Monday, July 12, 2004

Request for Help - A Tough Blakely Question

A reader of this blog has written to me in the hopes that other readers of this blog might offer some advice. He poses a tough question, which you can respond to using the comments or by emailing me (if you too want to conceal your identity) at jph2026@columbia.edu. The readers asks the following:

I'm representing a defendant in a typical federal drug conspiracy case, who is facing a plea or trial decision in the next week. I'm contemplating making a motion to strike or dismiss Blakely-mandated sentencing factors I expect to see shortly in a superseding indictment. This would serve my long-term goal of trying to get a ruling that the non-offending portions of the guidelines are not severable so the judge will simply be able to impose an entirely discretionary sentence. See Croxford,

Freed of all restrictions, the judge would likely give probation if my client pleaded guilty but the indictment alleges an 841(b)(1)(A) conspiracy, with a ten-year mandatory minimum based on drugs actually recovered. As you know, section 3553(f) provides for so-called "safety-valve" relief from mandatory minimums but disqualifies defendants who were "supervisor[s] of others in the offense," section 3553(f)(4). My client, a drug dealer's girlfriend who "recruited" a courier, would likely be disqualified under this provision, regardless of whether the determination were made by a judge or jury. Accordingly, unless I could knock out this provision from the safety-valve statute, my client wouldn't be able to get less than the ten-year mandatory minimum sentence.

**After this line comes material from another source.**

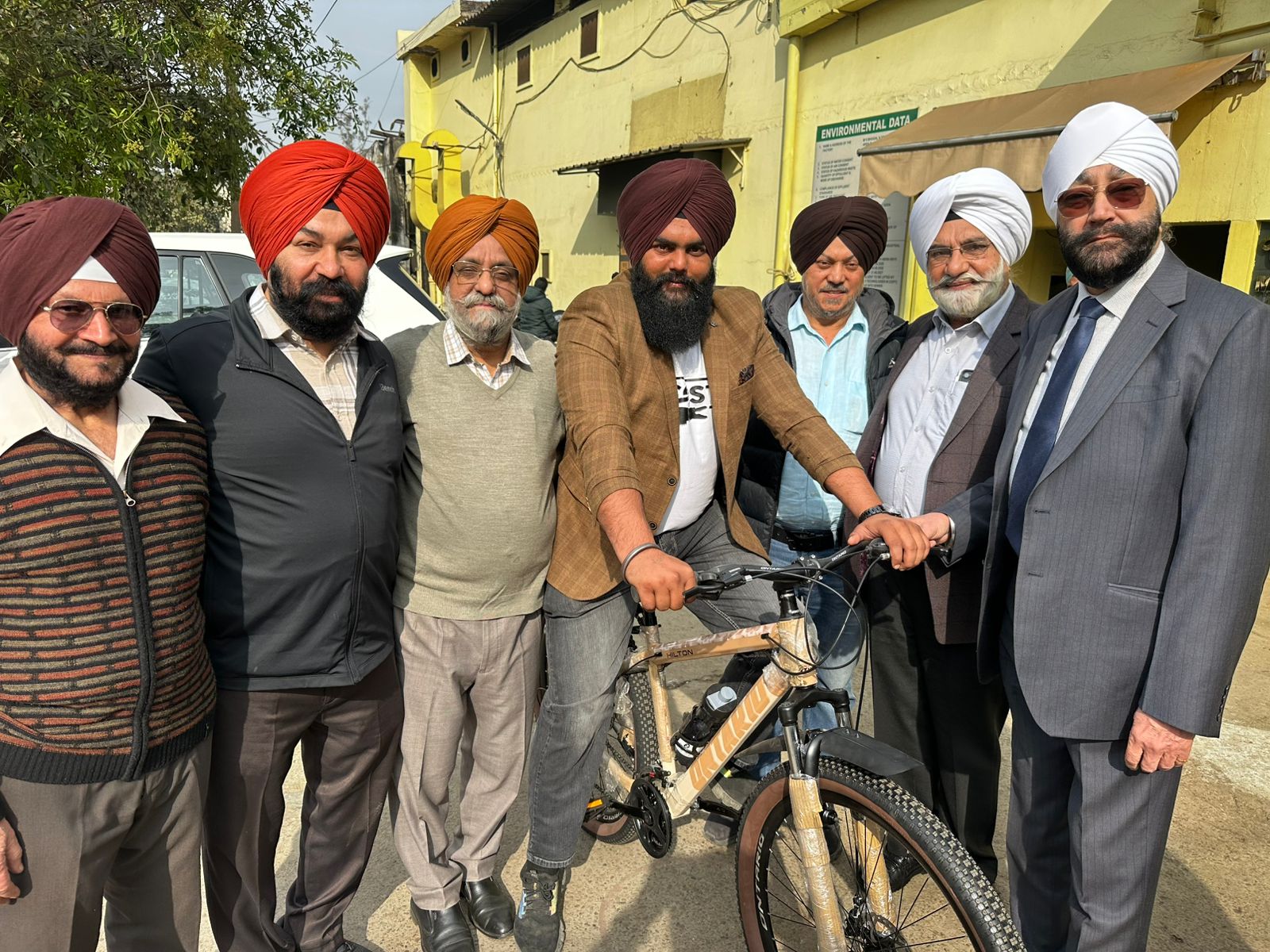 ਵਰਲਡ ਸਲੈਪ ਚੈਂਪੀਅਨਸ਼ਿਪ ਵਿੱਚ ਰੂਸ ਦੇ ਅਨਾਤੋਲੀ ਗਲੁਸ਼ਕਾ ਨੂੰ ਵਾਲੇ ਵਿਸ਼ਵ ਜੇਤੂ ਸਰਦਾਰ ਜੁਝਾਰ ਸਿੰਘ ਟਾਈਗਰ ਨੂੰ ਸਨਮਾਨਿਤ ਕਰਨ ਵੇਲੇ ਸ੍ਰ.ਅਵਤਾਰ ਸਿੰਘ ਭੋਗਲ ਵੱਲੋਂ ਹਾਈ ਐਂਡ ਸਾਈਕਲ ਪੇਸ਼ ਕੀਤਾ ਗਿਆ ਇਸ ਸਮੇਂ  ਗੁਰਚਰਨ ਸਿੰਘ ਜੈਮਕੋ, ਇੰਦਰਜੀਤ ਸਿੰਘ ਨਵਯੁੱਗ, ਰਜਿੰਦਰ ਸਿੰਘ ਸਰਹਾਲੀ, ਸੁਰਿੰਦਰ ਪਾਲ ਸਿੰਘ ਸੋਨੂੰ ਮੱਕੜ,  ਅਮਰੀਕ ਸਿੰਘ ਜੈਮਲ, ਹਰਵਿੰਦਰ ਸਿੰਘ ਅਤੇ ਹੋਰ ਉਦਯੋਗਪਤੀ ਮੋਜ਼ੂਦ ਸਨ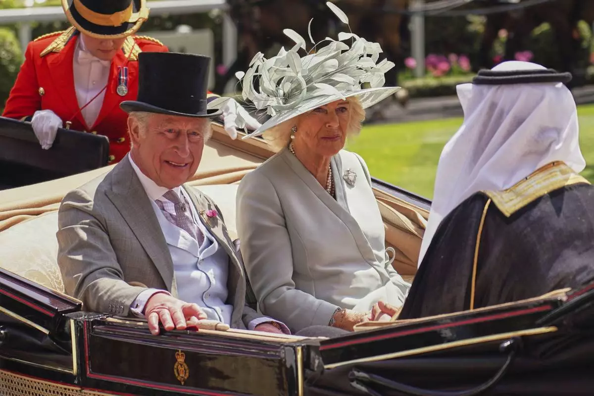 Britain's King Charles and Queen Camilla arrive by carriage into the Parade Ring on the second day of the Royal Ascot horse race meeting at Ascot, England, Wednesday June 18, 2025. (AP Photo/Alberto Pezzali) (AP Photo/Alberto Pezzali)

Therefore, I'm trying (without great hope, I'm afraid) to develop the following argument: While the guidelines are non-severable, section 3553(f) itself is. The court should stike subsection 3553(f)(4)--because it cross references a "determination" that was supposed to have been made under now-defunct guidelines section 5C1.2. It should then determine safety-valve eligibility without regard to role in the offense because there will no longer be any possibility of "determin[ing] under the sentencing guidelines," whether the defendant had a supervisory role.

I'm afraid that even if the court finds the guidelines non-severable, the cross reference to a "determination under the sentencing guidelines" will simply be transformed into a determination under 3553(f)(4) itself using caselaw developed under the defunct guidelines provision. Theoretically, freed somewhat from jurisprudence under the former guidelines, the court could articulate a more restrictive (and more favorable) common-law definition of "supervisor" under 3553(f)(4) itself. Nevertheless, I would be surprised if it differed materially from the old interpretations under section 5C1.2 and I would expect all of that caselaw under the former guidelines to be applied by analogy. Moreover, as Congress clearly intended 3553(f) to apply only to non-supervisors, it would be challenging to argue that 3553(f)(4) could be severed so that the other safety-valve factors (which my client could satisfy) should be applied without regard to consideration of whether a defendant had an aggravating role in the offense.

So, this seems like a daunting challenge but I wonder if anyone else has any thoughts on how to use Blakely to invalidate cross references to guideline provisions in this or other criminal statutes.